Make an exact transcript of the lines in the data below, starting with the one containing "Bebamour Baby Playmats" and going on through the one containing "This page presents", with both included and the pictures left out.

== Recorded information ==

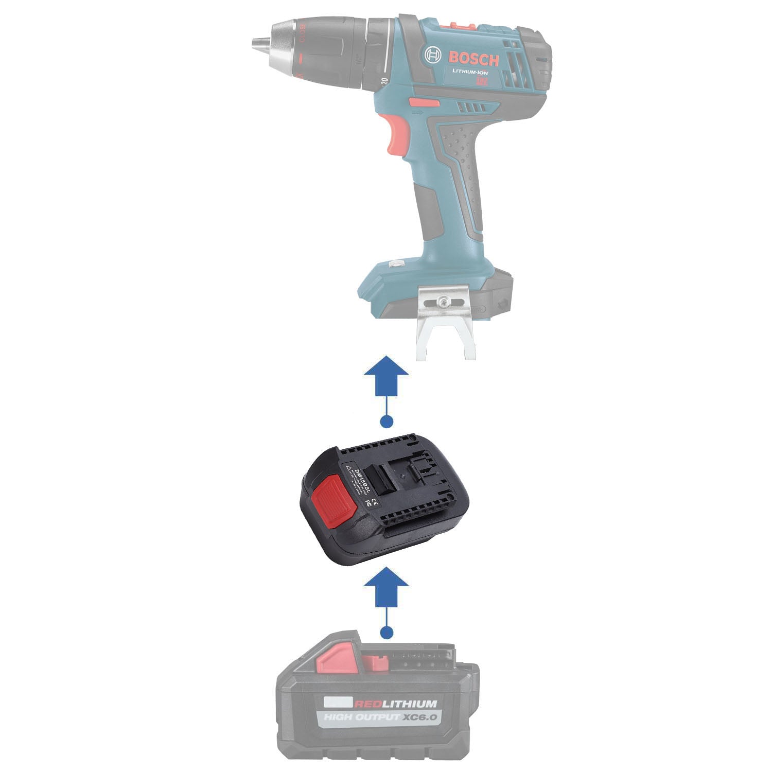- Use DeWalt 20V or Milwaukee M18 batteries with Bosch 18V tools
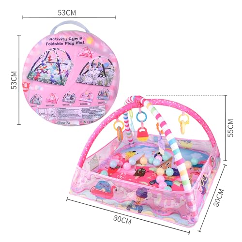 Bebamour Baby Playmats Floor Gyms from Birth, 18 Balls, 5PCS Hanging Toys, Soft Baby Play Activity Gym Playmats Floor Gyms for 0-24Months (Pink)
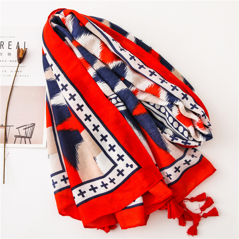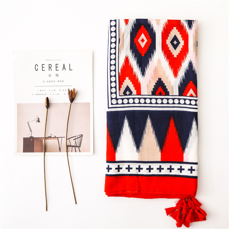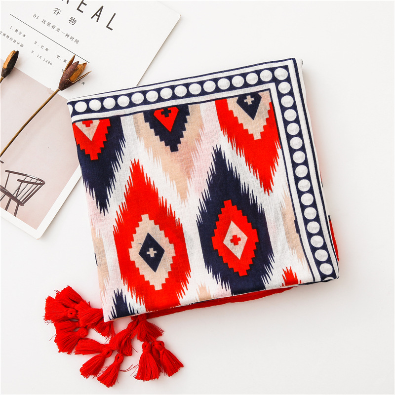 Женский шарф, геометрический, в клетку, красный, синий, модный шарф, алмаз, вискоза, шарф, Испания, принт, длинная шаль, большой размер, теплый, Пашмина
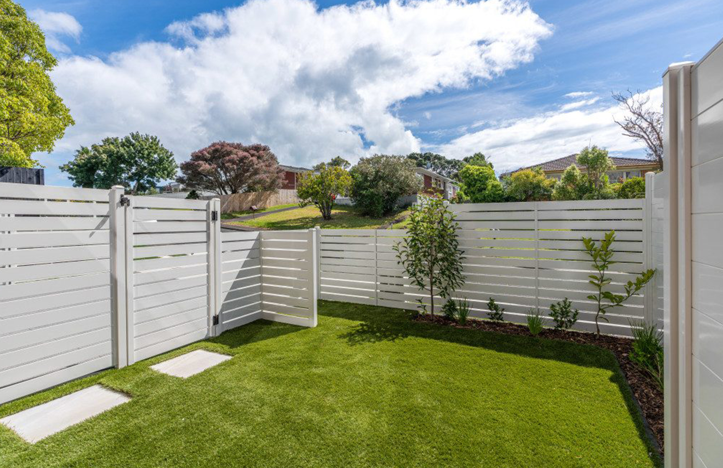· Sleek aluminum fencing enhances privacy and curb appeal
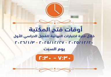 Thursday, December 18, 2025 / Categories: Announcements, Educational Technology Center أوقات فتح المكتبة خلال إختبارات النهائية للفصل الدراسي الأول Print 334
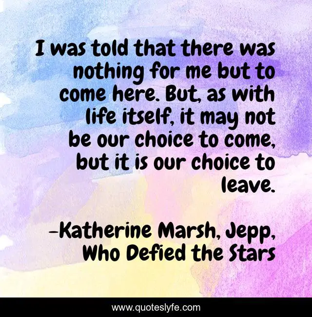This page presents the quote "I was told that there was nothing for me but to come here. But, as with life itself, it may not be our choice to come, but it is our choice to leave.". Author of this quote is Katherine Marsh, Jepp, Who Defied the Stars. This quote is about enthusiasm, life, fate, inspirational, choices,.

===
== Recorded information ==

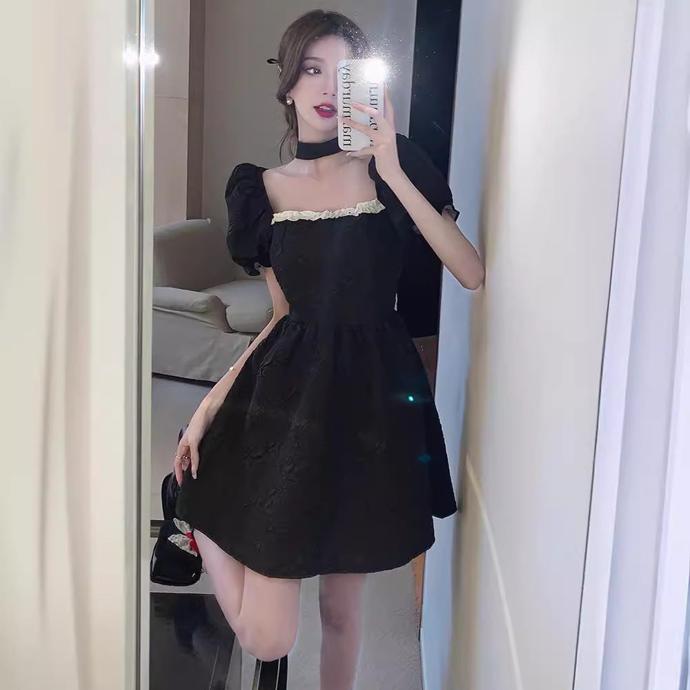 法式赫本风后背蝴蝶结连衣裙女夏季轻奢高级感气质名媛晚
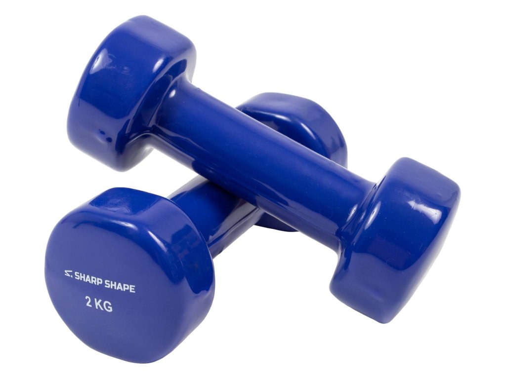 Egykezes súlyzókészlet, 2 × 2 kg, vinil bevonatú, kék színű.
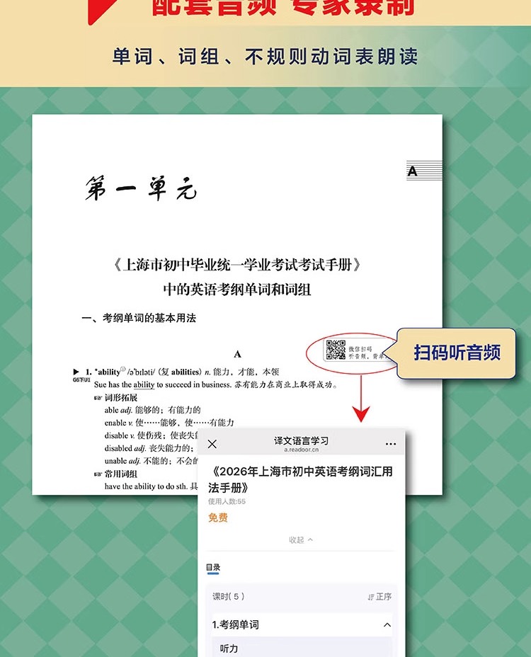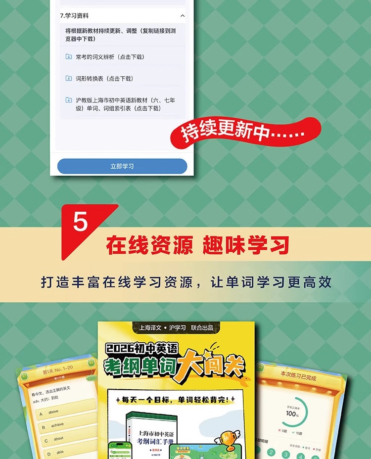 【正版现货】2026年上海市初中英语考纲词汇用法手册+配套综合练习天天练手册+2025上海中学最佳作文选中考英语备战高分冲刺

===

Result of the exercise
 Bebamour Baby Playmats Floor Gyms from Birth, 18 Balls, 5PCS Hanging Toys, Soft Baby Play Activity Gym Playmats Floor Gyms for 0-24Months (Pink)
 Женский шарф, геометрический, в клетку, красный, синий, модный шарф, алмаз, вискоза, шарф, Испания, принт, длинная шаль, большой размер, теплый, Пашмина
· Sleek aluminum fencing enhances privacy and curb appeal
 Thursday, December 18, 2025 / Categories: Announcements, Educational Technology Center أوقات فتح المكتبة خلال إختبارات النهائية للفصل الدراسي الأول Print 334
This page presents the quote "I was told that there was nothing for me but to come here. But, as with life itself, it may not be our choice to come, but it is our choice to leave.". Author of this quote is Katherine Marsh, Jepp, Who Defied the Stars. This quote is about enthusiasm, life, fate, inspirational, choices,.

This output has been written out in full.